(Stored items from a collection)
--- START ---

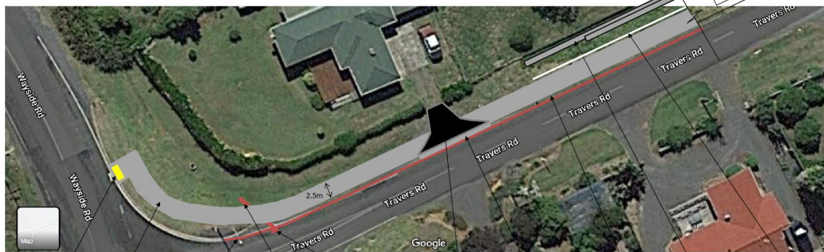
LAYOUT PLAN 001
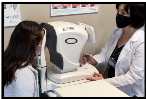
Optical assistant measuring the front curvature to ensure the best fit of contact lenses.

During this examination your eyes will be assessed and measured to see if they are suitable for contact lenses, which contact lenses will suit your eyes and how your eyes will respond to contact lens wear.
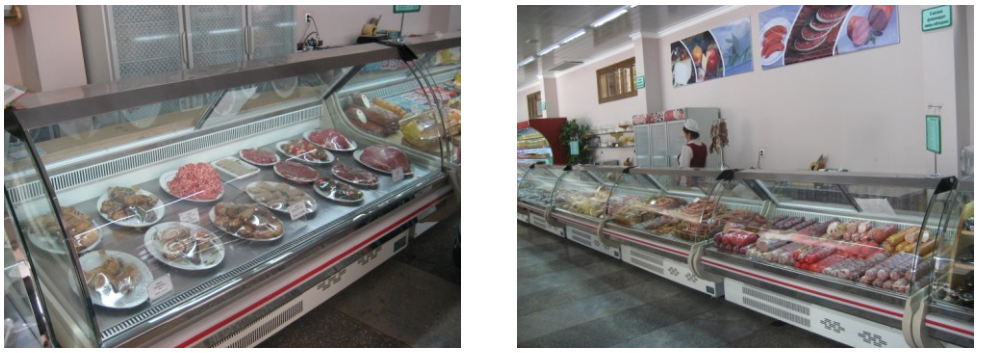
---- New Market -----
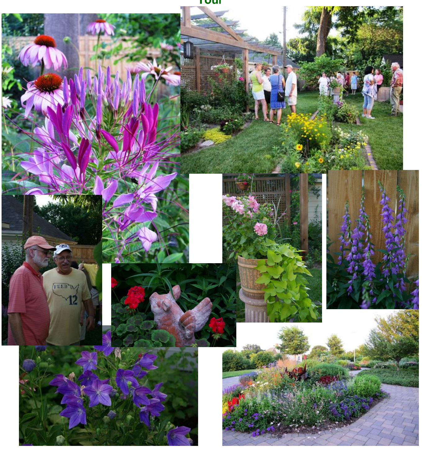
The Garden Spray Page 10 <a href="http://www.mwgcm.org">http://www.mwgcm.org</a>
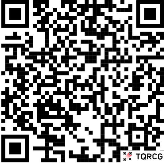
Academic Calendar QR Code
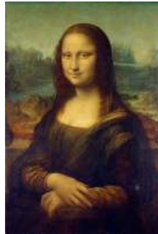
Mona Lisa – Leonardo Da
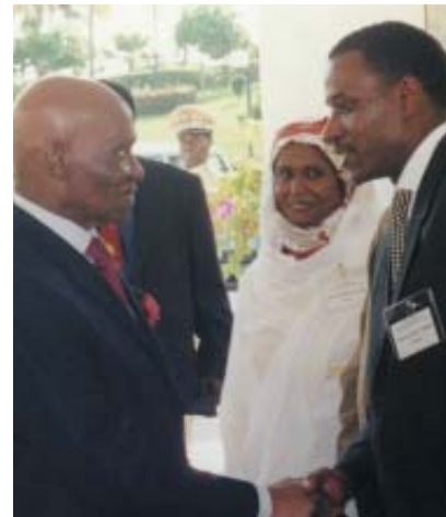
Senegalese President Abdoulaye Wade (left) greets delegates

The country delegations took the lead in insisting on harmonization among donor policies and procedures, and
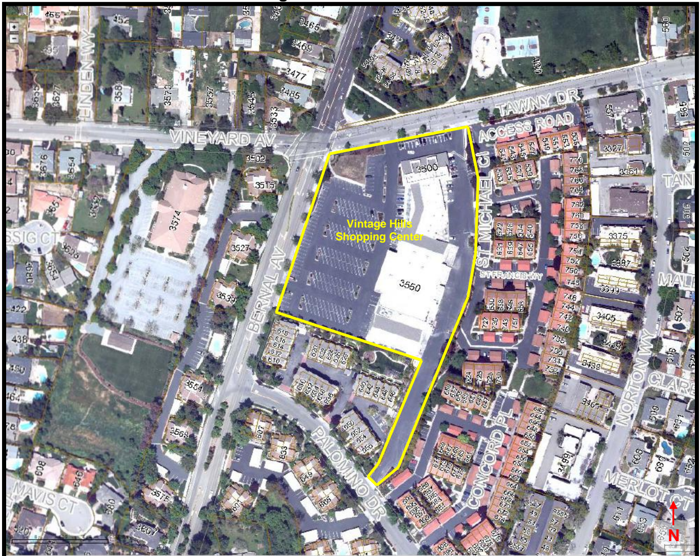
Figure 1: Aerial View
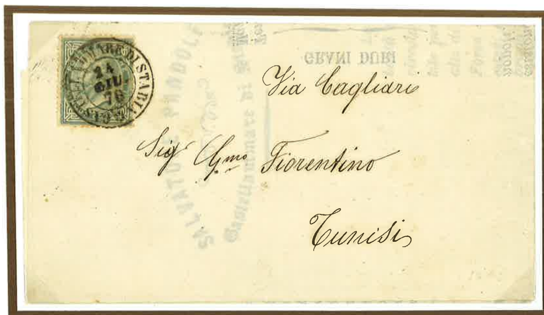
24 June 1876. Single rate printed matters from Castellammare di Stabia to Tunis, prepaid 5 centesimi to destination, after the transit of Leghorn and Cagliari, in accordance with the rate introduced by the General Postal Union, effective from 1 st January 1876.
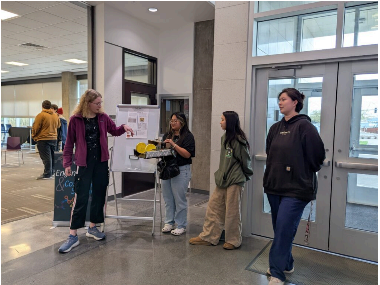
Team PAALM presents their robotic rover design before testing it.

Throughout the morning, all 18 teams presented their designs and then climbed the stairs to test their projects in the drop tower. After testing their autonomous vehicle, students examined what worked, what didn't, and how they would improve it.
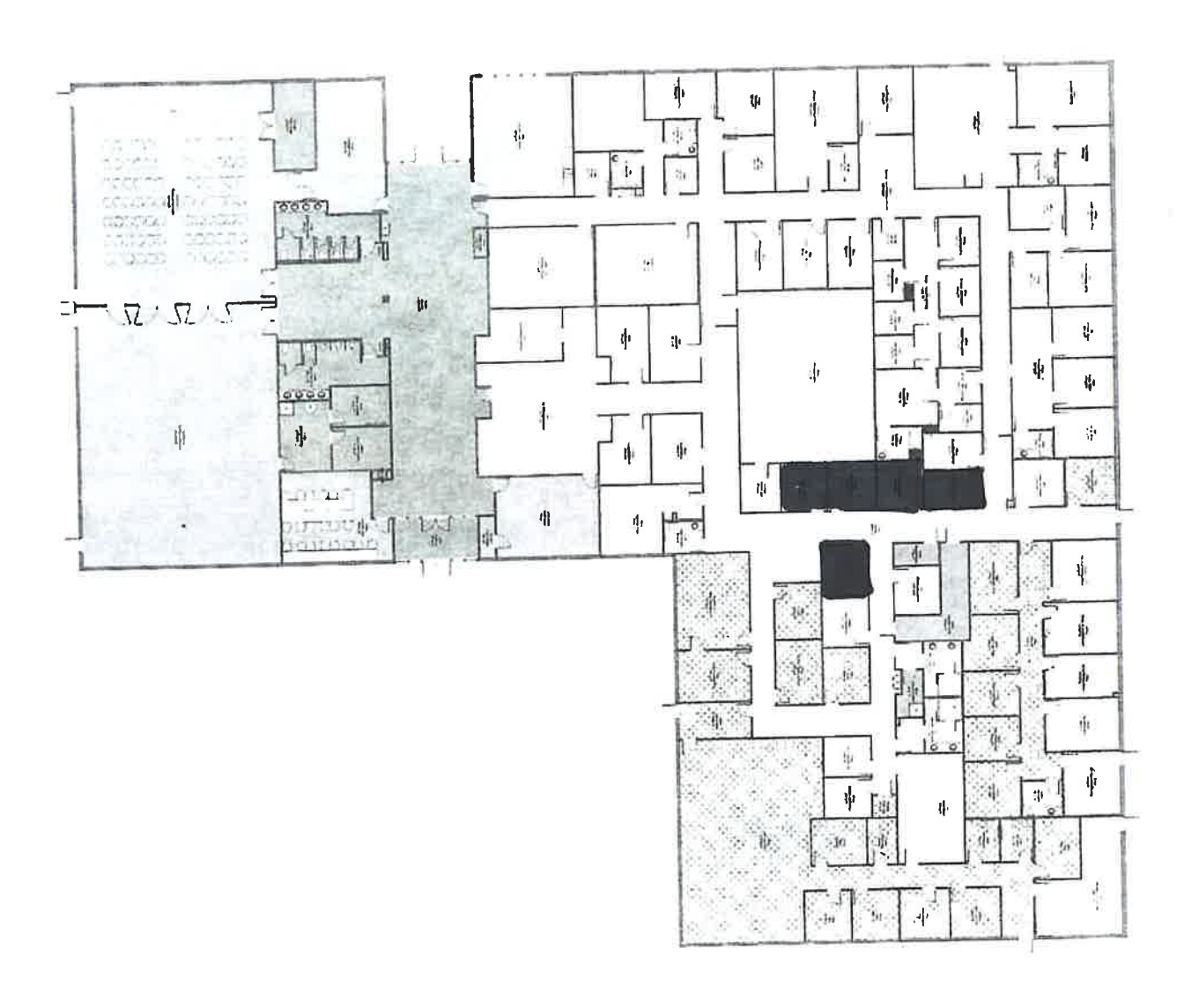
EXHIBIT "A" Page 1 of 2
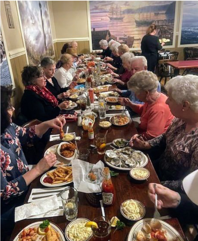
Senior Outing at Calabash Seafood Restaurant.

Below are pictures from a few of our senior events in February.
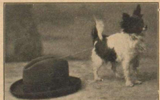
"JUST" PETERKINS Passing the Hat.

Two Papillon Puppies Looking out on the Big Big World.
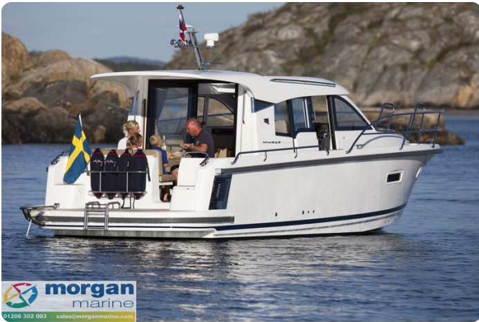
Nimbus 305 Coupe Exterior 12
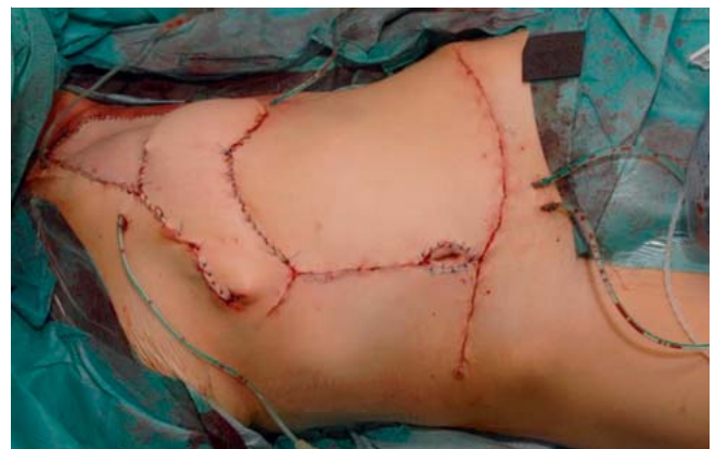
Fig. 9 Situs after anchor flap is sewn in and donor site has been closed by means of an abdominoplasty with umbilical repositioning.

comparison to the inferior epigastric vessels. So, in the case of a cranially pedicled flap from the lower abdomen, perfusion disorders and partial necrosis can occur, particularly in the lateral portions.
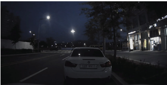
▲ NIGHT VISION OFF

IROAD NIGHT VISION employs ISP (Image Signal Processing) technology and real-time image processing function to brighter images when recorded under night time parking mode.
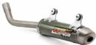
TI-2 SILENCER $329.95
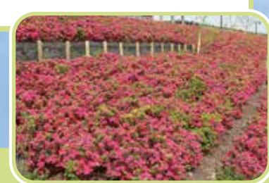
Azalea covered slope
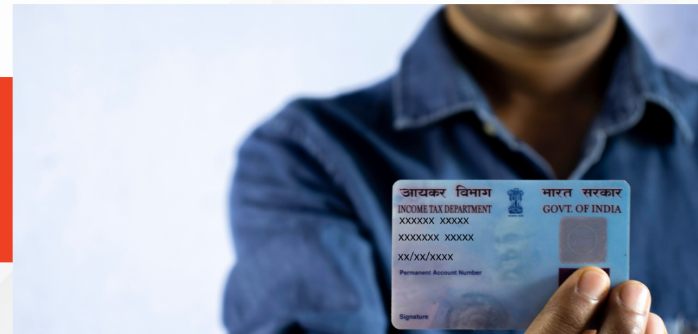
Government-issued photo identities (Aadhar Card, PAN Card, Voter ID, etc)
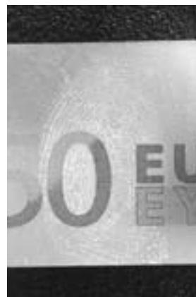
Fig. 9. 50 €, 5-day old.

The vacuum metal deposition procedure turned out to be of only limited suitability. The fingerprints visible at a glancing angle have a low contrast and are therefore difficult to image. Due to the higher cost this method is not suitable for processing a large number of notes. However, it may be considered for more important/serious cases.
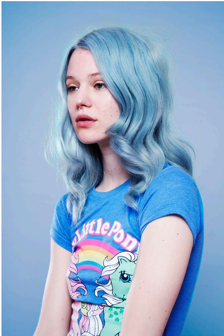
Arvida Byströms, Self-Portrait , 2014. From the series My Girl Lollipop .
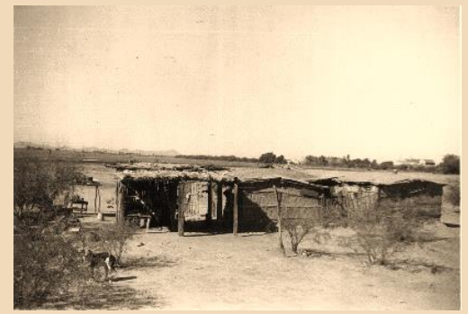
Typical home in Yoem Village, Marana, Arizona, 1936 Homes were built with railroad ties, saguaro cactus ribs, and mud, with sheet metal roofing.
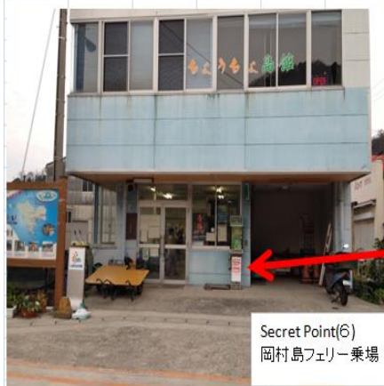
Secret Point(6) 岡村島フェリー乗場

--- END ---

_Instructions for the task_
Some lines in the records above contain "Page". Count them and give the number only.

_Result of the task_
2